15 December 2002

Thank Heavens I Don't Have to Live in Mississippi

People say that I never have a kind word to say about the President. Okay, here's a kind word about the President: He did a hell of a lot better job responding to the outrage over Trent Lott's hoof-in-mouth disease than Trent Lott has done.

President Bush used strong, forceful language and firmly repudiated both Lott and the ideas Lott is now trying to pretend he doesn't endorse. Had Lott himself said something that firm, he would have been off the hook a week ago -- but he can't, because even Trent Lott can't convincingly lie that much. At his core, he's racist and thus can't bring himself to call segrationism "morally repugnant" or "untrue to the ideals of this nation" the way Bush did. That's because Lott does believe that segregation would have prevented a lot of "problems" we've had since those days.

That's the core of the problem. Nobody I've spoken to about this (mostly Republicans) believe Lott didn't mean what he said the first time. You can't fake stuff like that, and you can't hide when you say it out loud. All the "I'm sorry"'s in the world are just going to sound like "I'm sorry I said that in front of a camera" to blacks and anyone with half a brain in their heads.

Even if Lott somehow managed to grit his teeth and lie to the cameras, there's his absolutely abysmal record on race issues to haunt him.
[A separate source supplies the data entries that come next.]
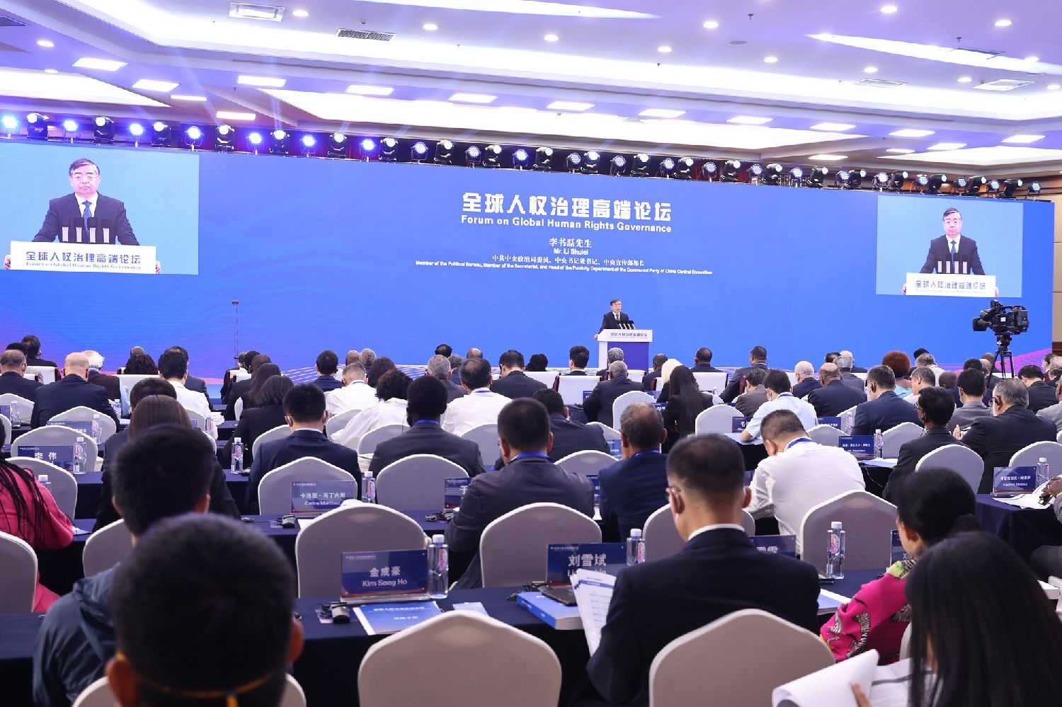 6月14日,全球人权治理高端论坛在北京举办。中共中央政治局委员、中宣部部长李书磊出席开幕式,宣读中国国家主席习近平贺信并发表主旨演讲。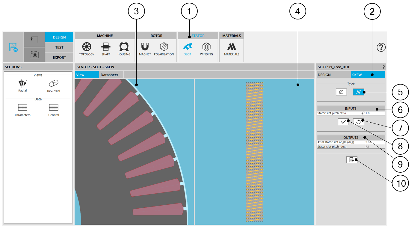 Note: The user can add a skew angle on the rotor or on the stator. If a skew is already defined in the rotor when setting a skew on the stator, the rotor skewing will be automatically reset to “None”.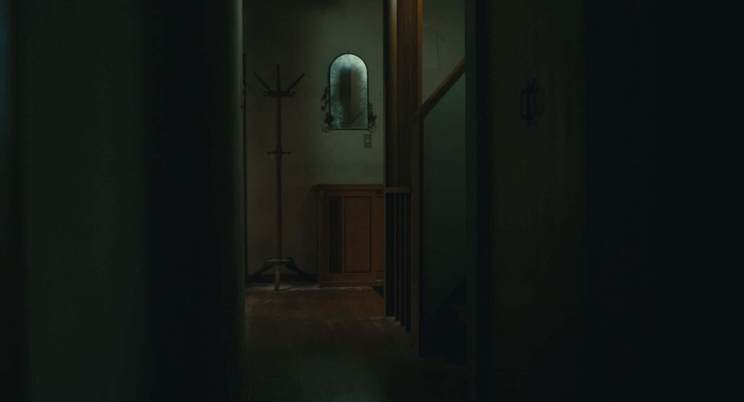 《午夜凶铃》和《咒怨》之间关于“内/外”边界的结构性差异,还体现在影片中对于“凝视”的表现手法上。毫无疑问,通过表现主人公长时间凝视某个地方——往往是镜子或某个角落——并引起受众的恐惧心理,从来都是恐怖电影的常用技巧之一。在《午夜凶铃》中,“凝视”的场景突出呈现在影片最后高山龙司与贞子的对峙中,而在《咒怨》中,人物对于某个地方的凝视则得到了大量运用。通过“凝视”,原本的日常开始发生变化,本来不应该出现的怪异现象变得可见。不过,在《午夜凶铃》里“凝视”呈现的同样是“内部”与“外部”的关系,或“外部”对“内部”的突然闯入:贞子的现身可以被理解为一种精巧化了的“突发式惊吓(jump scare)”。与之相对,《咒怨》中的“凝视”则呈现了“内部”本身的变化或不安:恐怖的东西并不是突然闯入的他者,而是早已存在于原本的生活之中了。在Netflix制作的剧集《咒怨:诅咒之家》(2020)中,“凝视”的上述呈现方式更是被推到极致:受众被要求直接长时间地凝视一面镜子,而镜中始终没有出现任何怪异的东西。也就是说,令人感到不安的,不再是以幽灵为代表的“外部”,而恰恰是日常生活的“内部”本身。这里透露的信息是:对于社会的均质而普遍的行政管理,已使得人们与自身的生活产生距离,以至于“物”本身开始变得陌生、怪异、偶然、不稳定。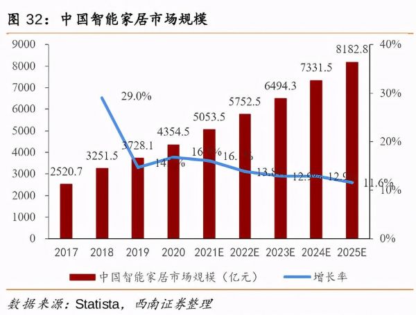 根据 Statista 的数据,2025 年中国智能家居市场规模有望翻倍达到8182.8 亿元,预计2017-2025 年的复合增长率为 15.8%。且据兴业证券经济与金融数据,目前我国智能家电产品的渗透率较低,不到10%。
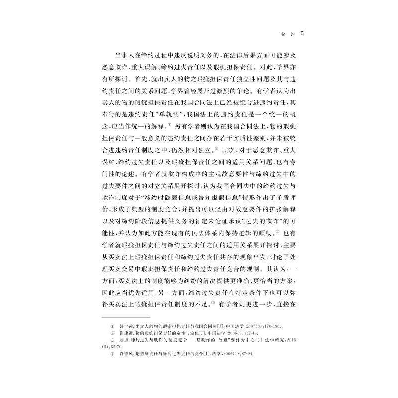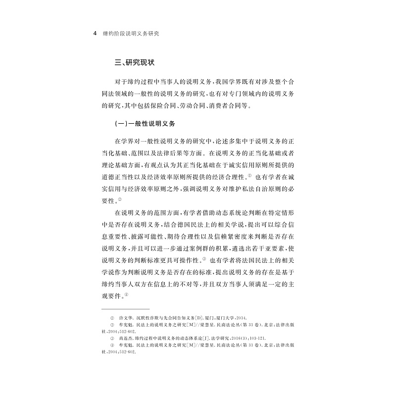 本书以缔约阶段说明义务为研究对象,首先在合同自由从形式自由转向实质自由的背景下讨论说明义务的理论基础;然后在私法自治的原则下明确说明义务的发生的例外性,并结合相关的学说及判例提出判断说明义务是否发生的一般性标准,并在合同标的物、合同当事人以及合同实现三个方面对说明义务的范围进行类型化。最后通过构建违反说明义务时的责任体系,来解决在违反缔约阶段说明义务情形缔约过失责任、瑕疵担保责任以及恶意欺诈等规则的适用关系问题。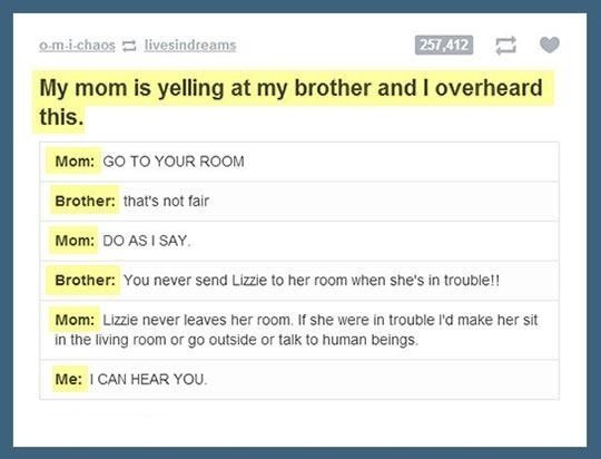 Mom: Lizzie never her room. it she were in trouble M maize her sit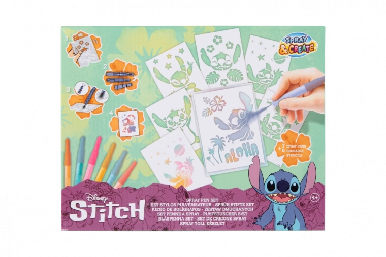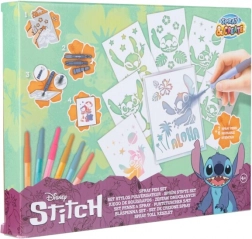 Scopri il fantastico divertimento creativo con il grande set di pittura ispirato al personaggio preferito Stitch! Questo set include speciali pennarelli soffianti, che permettono ai bambini di creare facilmente immagini originali.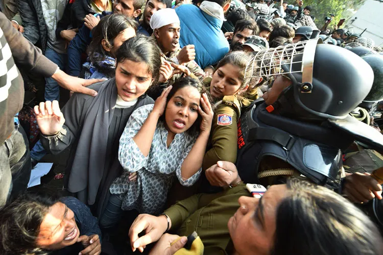 नई दिल्ली: जामिया मिलिया इस्लामिया के छात्रों द्वारा घोषित संसद मार्च के दौरान एक रोचक दृश्य तब देखने को मिला, जब महिला प्रदर्शनकारियों ने दिल्ली पुलिस को लक्ष्य कर अपनी चूड़ियां लहराईं। छात्राओं ने कहा कि दिल्ली पुलिस इसलिए मार्च को आगे नहीं बढ़ने दे रही है, क्योंकि भाजपा नेतृत्व वाली केंद्र सरकार ने उसे रोकने का निर्देश दिया है। उन्होंने कहा कि दिल्ली पुलिस को चूड़ियां पहन लेनी चाहिए, क्योंकि वह मार्च को आगे बढ़ने नहीं दे रही है।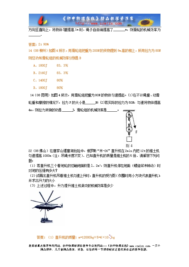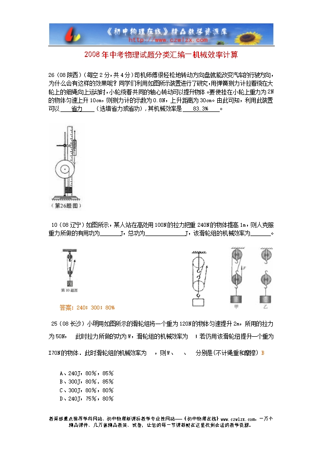 2008年中考物理试题分类汇编—机械效率计算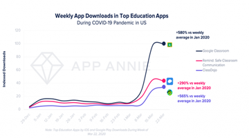 Este estudo aponta os três principais aplicativos educacionais com mais downloads nos EUA após a semana de 22 de março de 2020. Entre eles o Google Classroom , Remind (um aplicativo para Android e iOS que oferece um ambiente de interação para professores se relacionarem com os alunos e os pais) e ClassDojo , que pontuaram respectivamente uma a 580%, 290% e 565% de crescimento, respectivamente, em comparação com a média semanal em janeiro de 2020. Vejam no gráfico abaixo.
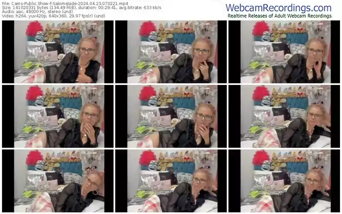 There are a total of 1,217 recordings (725 hours) of SalomeJade from Cams available below.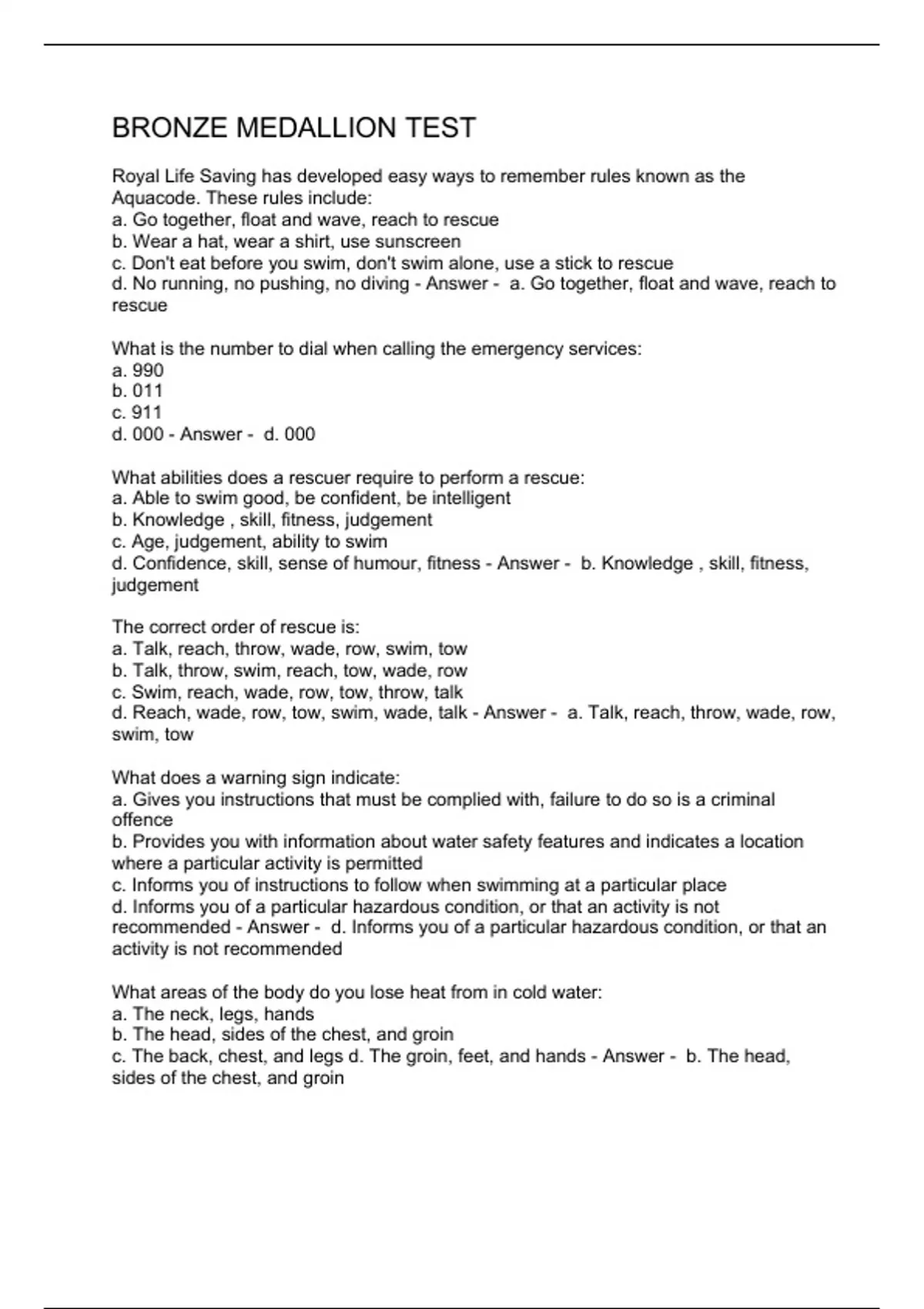 Royal Life Saving has developed easy ways to remember rules known as the Aquacode. These rules include: a. Go together, float and wave, reach to rescue b. Wear a hat, wear a shirt, use sunscreen c. Don't eat before you swim, don't swim alone, use a stick to rescue d. No running, no pushing, no diving - Answer - a. Go together, float and wave, reach to rescue What is the number to dial when calling the emergency services: a. 990 b. 011 c. 911 d. 000 - Answer - d. 000 What abilities does a rescuer require to perform a rescue: a. Able to swim good, be confident, be intelligent b. Knowledge , skill, fitness, judgement c. Age, judgement, ability to swim d. Confidence, skill, sense of humour, fitness - Answer - b. Knowledge , skill, fitness, judgement The correct order of rescue is: a. Talk, reach, throw, wade, row, swim, tow b. Talk, throw, swim, reach, tow, wade, row c. Swim, reach, wade, row, tow, throw, talk d. Reach, wade, row, tow, swim, wade, talk - Answer - a. Talk, reach, throw, wade, row, swim, tow What does a warning sign indicate: a. Gives you instructions that must be complied with, failure to do so is a criminal offence b. Provides you with information about water safety features and indicates a location where a particular activity is permitted c. Informs you of instructions to follow when swimming at a particular place d. Informs you of a particular hazardous condition, or that an activity is not recommended - Answer - d. Informs you of a particular hazardous condition, or that an activity is not recommended What areas of the body do you lose heat from in cold water: a. The neck, legs, hands b. The head, sides of the chest, and groin c. The back, chest, and legs d. The groin, feet, and hands - Answer - b. The head, sides of the chest, and groin
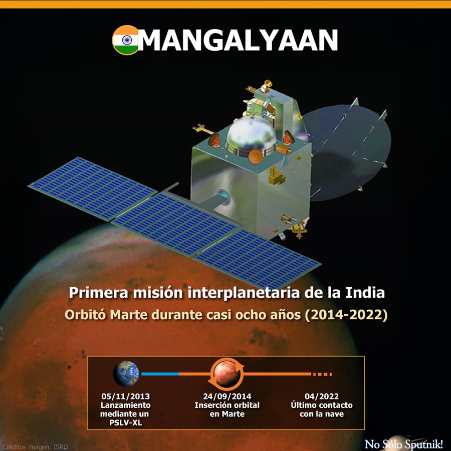 Primera misión interplanetaria de la India. Orbitó Marte durante casi ocho años (2014-2022)

He voted against the 1981 renewal of the Civil Rights Act. He supported Bob Jones University in the brouhaha over their ban on interracial dating. He opposed the creation of a holiday commemorating Martin Luther King Jr. He championed the nomination of segregationist Charles Pickering for the US Court of Appeals (it was unsuccessful, thank heavens). He only got into Congress in the first place because he replaced his boss, arch-segregationist Bill Colmer. He is one of only a few few Senators to get consistent "F" grades from the NAACP during his three decades in Congress.

I personally don't have an opinion on whether Lott should resign his office -- he represents a pretty backward, poor and racist state (and yes, I've been there and seen this firsthand) and neither he nor the voters in that state seem to have any interest in making Mississippi anything other than the most third-world-like state in the union. They consistently show up as 50th out of 50 on most polls that measure which states offer anything like good health, good education, good social services or good jobs for their people, average literacy, average IQ and so on. This is, after all, one of the states with a confederate flag incorporated into its design.

So, as a representative of the state (both the physical state and the state of mind), he's probably doing a pretty good job. But Senate Majority Leader? Sorry, but I don't think so. I think it's past time Congresspeople on both sides of the aisle grew some balls and said "buh-bye" to Lott as Leader.